I have almost 3 Edge Nodes in my Cluster and was wondering if it is advisable to start Hiveserver2 and Metastore on all 3 Edge Nodes? I will be starting the Hive Client on all 3 Servers but was wondering if it made sense to also start Hiverserver2 and Metastore on all of them. Or is it enough to start Hiveserver2 and Metastore on just 1 Edge Node. Please do let me know
@Leenurs Quadras You can install multiple Hive Servers in case of multiple workloads or applications in which case each HiveServer2 instance can have its own settings for Hive and Tez.

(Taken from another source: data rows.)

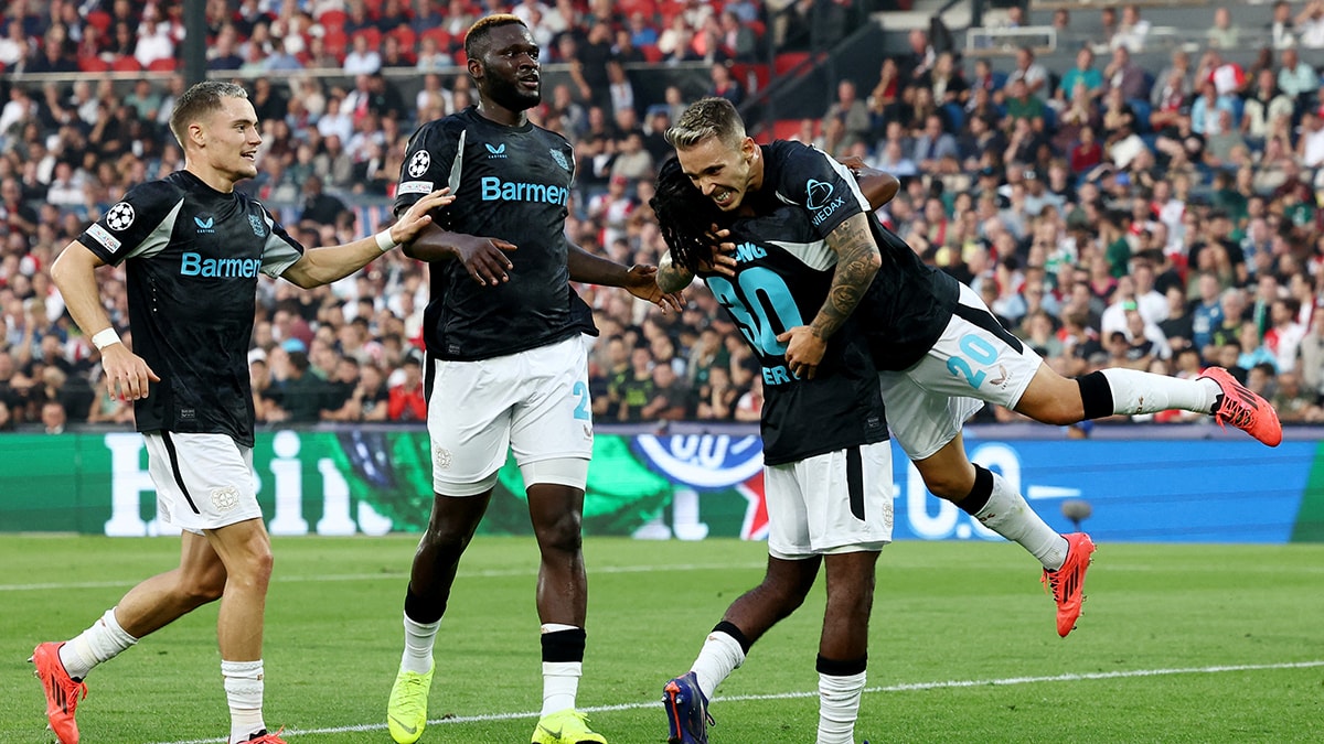 Şampiyonlar Ligi'nde Feyenoord'u deplasmanda farklı geçen Bayer Leverkusen, ilk yarıda attığı dört golle zafere uzandı.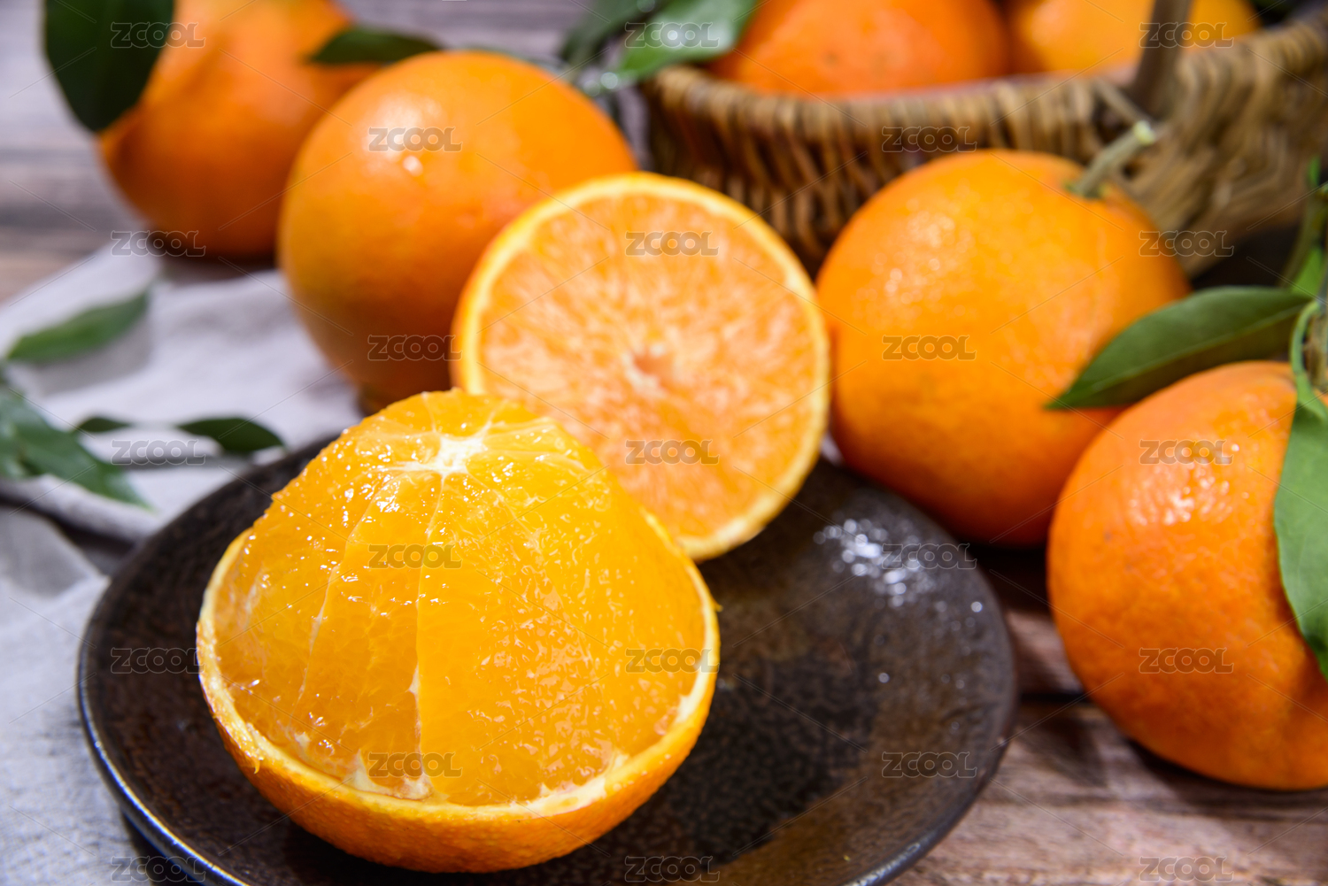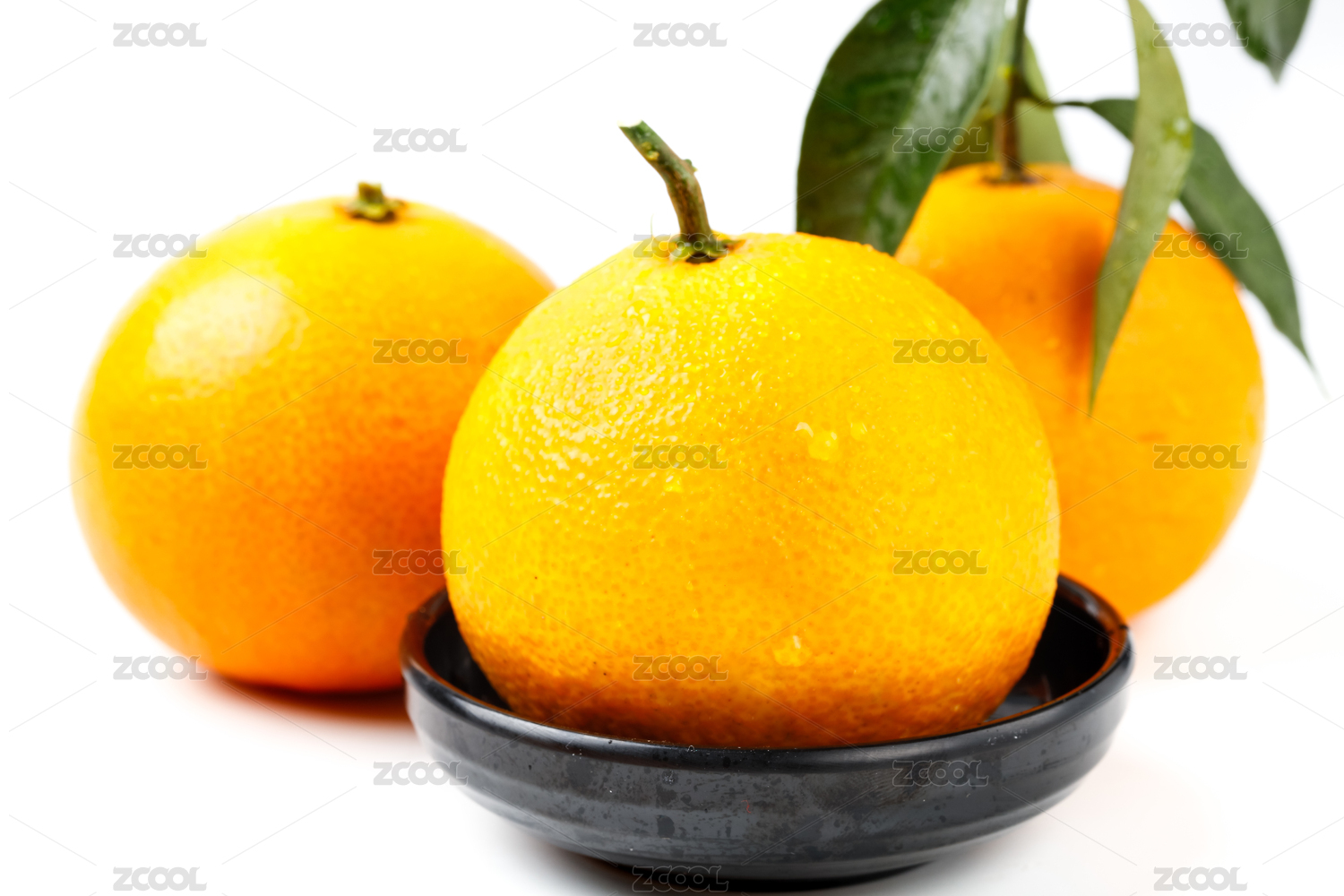 白底上的兩個(gè)愛媛橙臍橙和一個(gè)裝在碟子里的橙子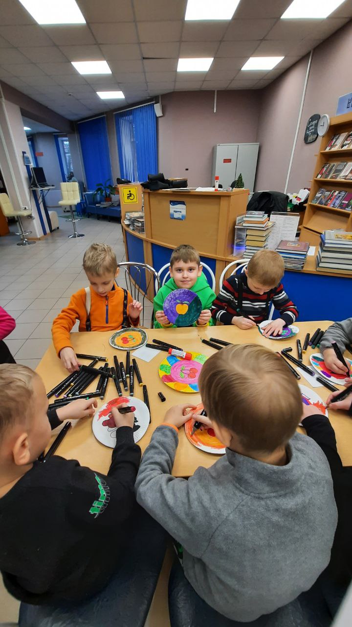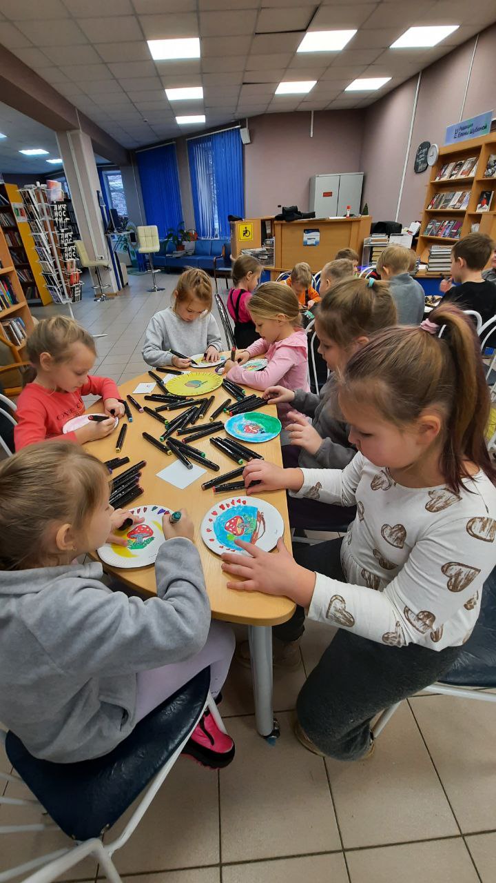 На мастер-классе дети оформили тарелочки в смешанной технике и увидели книги с изображением героев русских былин и сказок в искусстве.

You can refer to this document
P.S- If the answers help please accept and upvote the answers.
Other than what @Ishan mentioned, multiple HiveServer2 and Metastore are recommended generally in a High Availability setup. This way when one of the services goes down the other service is available for the clients to connect to.
Typically edge nodes are client facing nodes, so the client configs and tools are installed on them rather than services.
Hi Leenurs Quadras,
Edge node is mainly used for users to connect and use client installed on it to connect to different hadoop component. Example : Beeline or hive CLI.
HiveServer2 and Metastore is part of Hive service which will cater queries submitted from Hive client either via Hive CLI , Beeline or JDBC/ODBC clients.
You can enable High availibility for Hive server by creating one more instance of HiveServer2 and Metastore.
It is better to have this component get installed on separate servers than edge node. But if you are creating learning cluster of only 3 server , get hive service installed on one of edge node.